Couturier’s Gordie Howe Hat Trick
We can’t get through a storylines post without mentioning how great Sean Couturier played. He recorded his first career Gordie Howe Hat Trick with a goal, assist, and a fight.
The goal came from his office in front of the net on the power play, as he gets to the dirty areas to put points on the board. The assist was a good representation of his game as well, as he stood on the blue line and intercepted a pass as the Islanders tried to enter the zone. He got a bit lucky with Konecny finally coming onto the ice for Weise, but he still needed to flip a perfect pass to him over the head of a defenseman for a breakaway.
The final part of the Gordie Howe Hat Trick, the fight, was a little bit controversial. Well, not controversial, but rather ill-advised. He dropped the gloves with Josh Bailey after a clean hit at center ice. That’d normally be fine, but the timing was the issue. Couturier is a huge piece for the Flyers in the final minutes of a game, especially a one-goal game, and he took a five-minute fighting major with 5:10 to play in the game. The only saving grace is that Bailey has been great for the Islanders this season with 50 points through 41 games.
It wasn’t smart decision by Couturier, but in the heat of the moment there’s no way that even crosses his mind. I’m sure he regretted it nearly immediately after sitting down in the box and cooling off for a moment, but luckily it didn’t end up costing the Flyers.

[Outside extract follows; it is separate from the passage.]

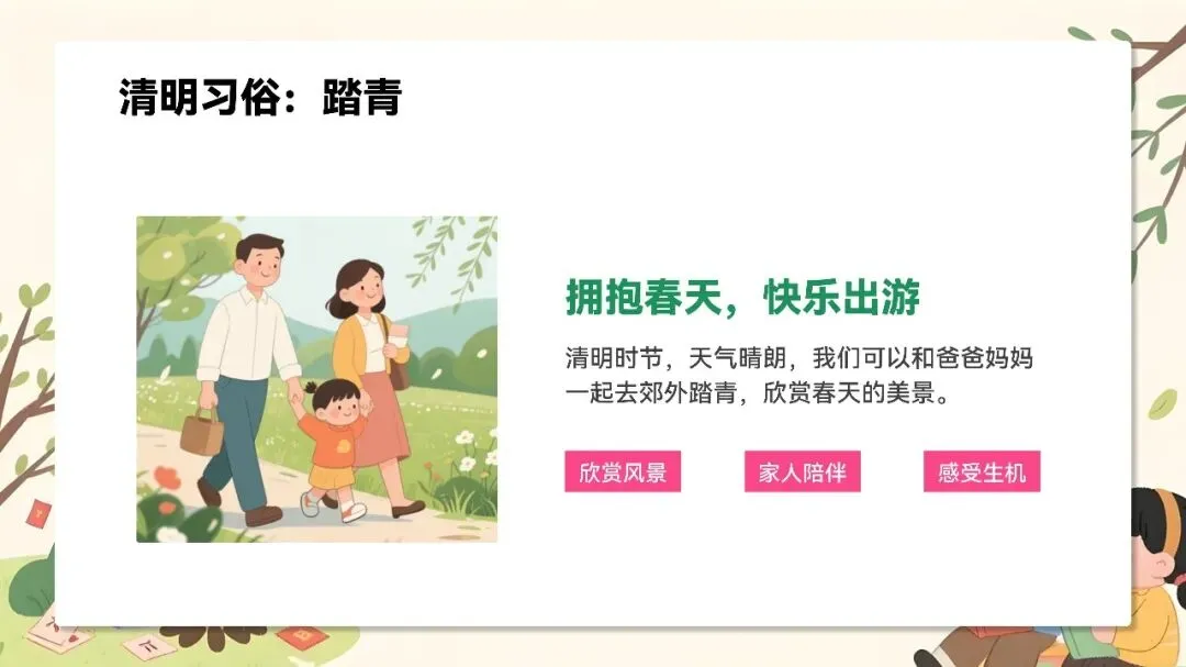 你的家乡在清明节有什么特别的习俗?(是吃鸡蛋、吃青团,还是去踏青?)欢迎在评论区留言分享~如果你也觉得这份课件很不错,欢迎在文末为我们点个“赞”和“在看”,推荐哦

Sean Couturier has been a new and improved version of himself all season long and he’s a man on a mission. He asked for a bigger role, more offensive chances, and he’s gotten it and thrived in it.
Bringing the energy and physicality
Ron Hextall sent a message to his team with a curious decision on Wednesday afternoon by calling up forward Tyrell Goulbourne, and the message was received loud and clear. He wanted Goulbourne to come in and bring some energy. Well, the energy was brought, and they didn’t even need Goulbourne. The rookie was unable to make his NHL debut due to travel problems and the weather, but the Flyers brought the energy and picked up their physicality against the Islanders.
It was clear from the get-go that the Flyers were the more energized, faster, and simply better team in the game. They let the Islanders back into the game late, mostly due to score effects and sitting back a bit too much, but the Flyers dominated the first two periods. They out-attempted the Islanders 43-29 through two periods, including 22-14 shots on goal and also 23-11 scoring chances (12-4 high-danger).
The Flyers were driving play and also driving the middle of the ice all night long. The heatmap of their shots was nearly the inverse of Tuesday night’s against the Penguins. They were getting to the dirty areas, they were shooting from the slot, and it was paying off.
Not only did the Flyers bring the energy in terms of driving play, but they had several big hits and three fights as well.
Travis Konecny got the party started after laying out Shane Prince. Prince challenged Konecny, Travis dropped the gloves, then quickly dropped Prince with a slam to the ice. That certainly energized the building, as well as his teammates, as they looked on with approving stick taps.
There were a few post-whistle scrums throughout the game, but things ramped up in the third period. Couturier’s fight started it, as he took down Josh Bailey. Then after the Islanders failed to get anything past Brian Elliott in the final two minutes, Andrew Ladd tripped Andrew MacDonald and things got physical along the boards. Dennis Seidenberg gave Scott Laughton a crosscheck, then Laughton got into it with Jordan Eberle and he beat him down worse than the Oilers got beat in the Eberle-Strome trade.
Tyrell Goulbourne wasn’t in the lineup, or even in the building, but the mere presence of him on the roster woke the Flyers up and they responded.